Sanders wins sweeping victory in Nevada
By Patrick Martin
23 February 2020
Vermont Senator Bernie Sanders won a sweeping victory in Saturday’s Democratic Party caucuses in Nevada, defeating his closest rival, former Vice President Joe Biden, by a two-to-one margin and amassing 46 percent of the county convention delegates in an eight-candidate field.
The victory makes Sanders a strong front-runner to win the Democratic nomination ahead of the March 3 “Super Tuesday” contests, in which nearly 1,400 convention delegates will be selected.
Sanders is leading in the two largest states voting March 3, California and Texas, and is on track to win delegates in all of the more than 160 congressional districts where voting will take place.
More than 110,000 people cast ballots in the Nevada caucuses, with the final total likely to break the previous record, set in 2008 when Barack Obama and Hillary Clinton fought to a near-draw in the state. Sanders’ support in the initial vote—essentially the popular vote among caucus-goers—was 33 percent, compared to 17 percent for Biden, 16 percent for Pete Buttigieg, former mayor of South Bend, Indiana, and 13 percent for Senator Elizabeth Warren.
Senator Amy Klobuchar was in fifth place, with 10 percent, and billionaire Tom Steyer, who pumped $15 million into television advertising in the thinly-populated state, trailed with 9 percent.
The breadth and depth of the support for Sanders was summed up in this paragraph from the New York Times —a newspaper that has intransigently opposed Sanders throughout his political career, and recently endorsed Senator Elizabeth Warren and Senator Amy Klobuchar for the nomination.
After noting the failure of several other candidates to win support among diverse sections of the population, the Times admitted: “Only Mr.
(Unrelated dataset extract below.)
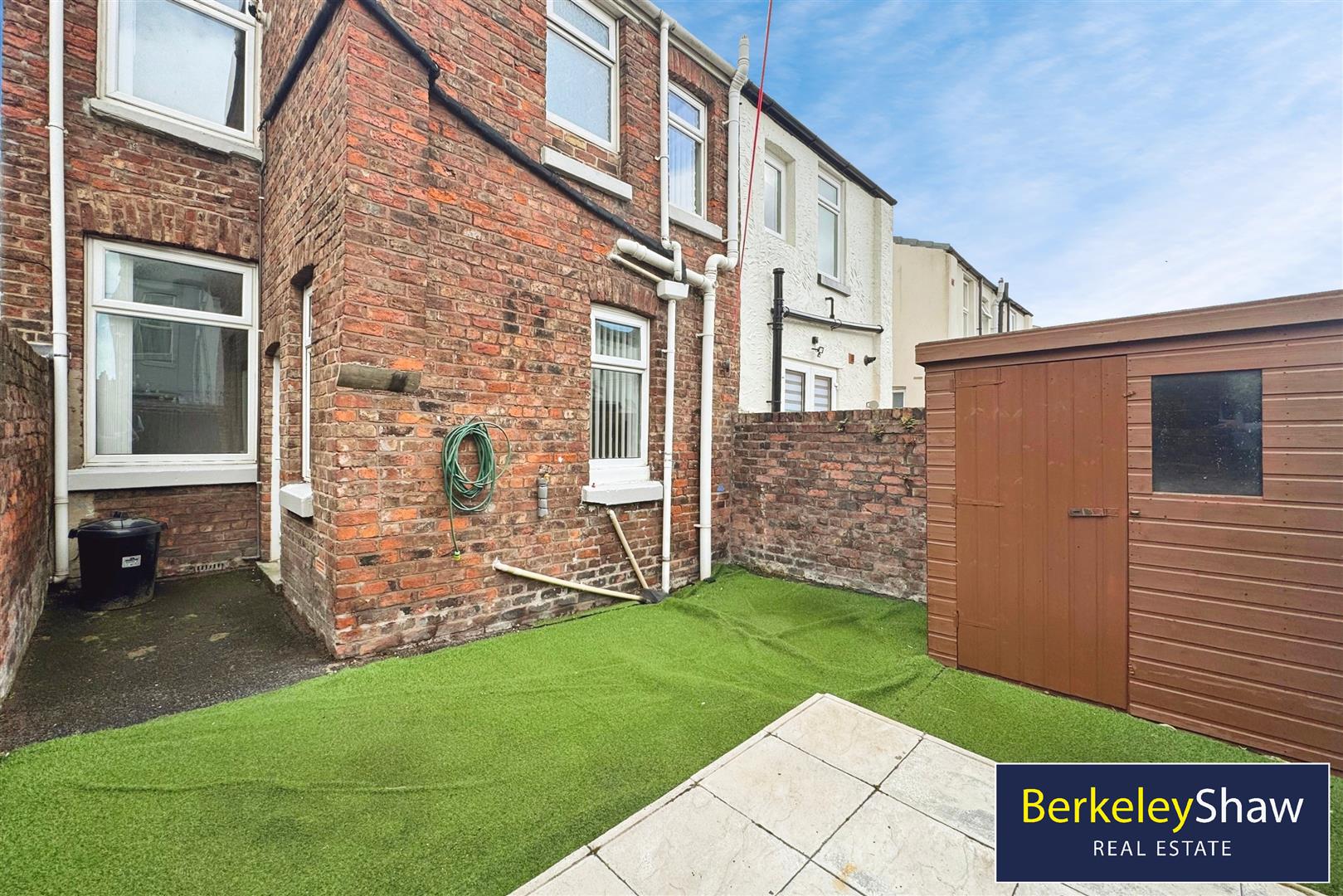 Rear Exterior - Walled yard, rear gate, exterior tap, shed

Sanders, with his uncompromising message that working-class Americans affected by injustice can unite across ethnic identity, has shown traction in both predominantly white Iowa and New Hampshire and the more black and brown Nevada.”
According to entrance polls, in which voters were interviewed as they went into caucus sites, Sanders won virtually every demographic—young, middle-aged and old, white, Latino and Asian, very liberal, liberal and moderate. African-American voters, about 10 percent of the total in Nevada, placed him second, narrowly behind Biden.
Sanders won despite two major political provocations carried out over the past week, engineered by the Democratic Party establishment with the assistance of the intelligence agencies and the corporate media.
The week before the vote was dominated by claims from the leadership of Culinary Workers Local 226, the giant local union whose members constitute the bulk of the workforce at the Las Vegas casinos and hotels, that Sanders’ advocacy of “Medicare for all” would take away their union-sponsored health insurance.
The rank-and-file workers ignored this “big lie” campaign, as Sanders won seven of the nine caucus sites set up on the Las Vegas Strip for workers to cast votes during their work shifts, and tied Biden in the eighth. There were anecdotal reports of union officials trying to convince workers to remove their “Unidos con Sanders” stickers and the workers refusing.